A viable political solution in Sri Lanka based on the voluntary pooling of sovereignty by the Tamil and Sinhala people may well be the beginning of this process.

The process, however, can only begin by acknowledging the following ground realities:

· The existence of a de facto state in the North East of the Island. Fifteen years ago, Professor A. Jeyeratnam Wilson in the book aptly titled "Break-Up of Sri Lanka"(University of Hawaii Press, Honolulu, 1988) wrote “My considered view is that Ceylon (Sri Lanka) has already spilt into two entities. At present this is a state of mind; for it to become a territorial reality is [only] a question of time.” True to his prediction, this is the territorial reality today where a de facto state has emerged in the North East with its own customs, immigration, police and judiciary - a state of affairs implicitly acknowledged by the Sri Lankan Government in the Memorandum of Understanding reached with the LTTE in February 2002 and explicitly proclaimed by the LTTE in its proposal for an Interim Self-Governing Authority for the North East (ISGA) in October 2003.

· The futility of attempts to dismantle the de facto state through military force. The dismal failure of operation ‘Jayasikrui’ (Certain Victory) launched by the Sri Lankan Government to take the Northern mainland, the retaking of the entire ‘Vanni’ by the LTTE and the over-running of the impenetrable Elephant Pass military camp by the LTTE has amply demonstrated that the military solution is no more an option.

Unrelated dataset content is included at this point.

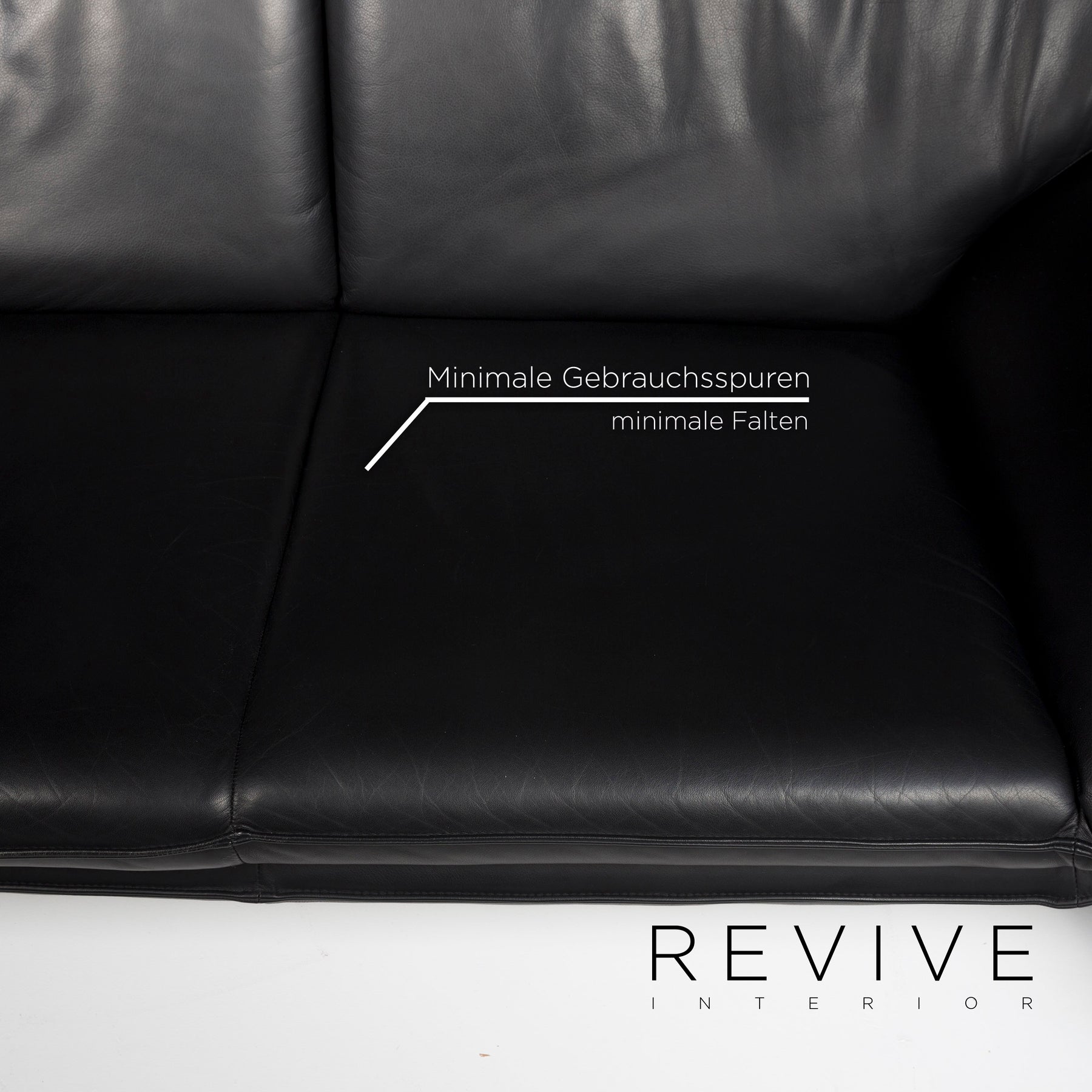 Laauser Atlanta Leder Sofa Garnitur Schwarz Dreisitzer Zweisitzer #11629

· The issues faced by minorities, i.e. Muslims and Sinhalese living within the borders of the de facto state (acknowledged by the LTTE in its proposals for an ISGA) and Tamils, Muslims and others living outside the de facto state.

· The need for institutional safeguards to maintain the independence of the judiciary and protect human rights within the de facto state (also acknowledged by the LTTE in its proposals for an ISGA) and outside the de facto state.

· The acceptance by the Sinhala political establishment of Delhi’s position as the regional power - a far cry from the days when the fear of ‘Indian expansionism’ was the cornerstone of Sri Lanka’s foreign policy and the Indian presence in the Island was the rationale for the JVP to whip up support for its cause!

· The strong cultural and linguistic ties prevailing between the Tamils across the Palk Strait and its potential to bring about greater cooperation between the Tamil state in Sri Lanka and the Indian Union despite the horrendous consequences of (the ill-advised) physical intervention by India in 1987.

India, with its unquestioned position as the regional power and the close relationship it enjoys with Colombo, is well placed to assist the process whereby the Island of Sri Lanka is transformed into a union of two states.

By acting promptly, India can bring about an enduring peace in the Island of Sri Lanka and at the same time be the harbinger of a new understanding of sovereignty that may help resolve conflicts through restructuring relationships between sovereign people.

This calls for a paradigm shift on the part of Indian policymakers, who need to conceptualise sovereignty as one that is primarily derived from the people, instead of as one residing with ‘internationally recognised governments.’ In making this shift, Indian policymakers need to reflect that such an understanding calls for a more equal relationship between sovereign people and as such is likely to strengthen relationships and not weaken them as previously imagined.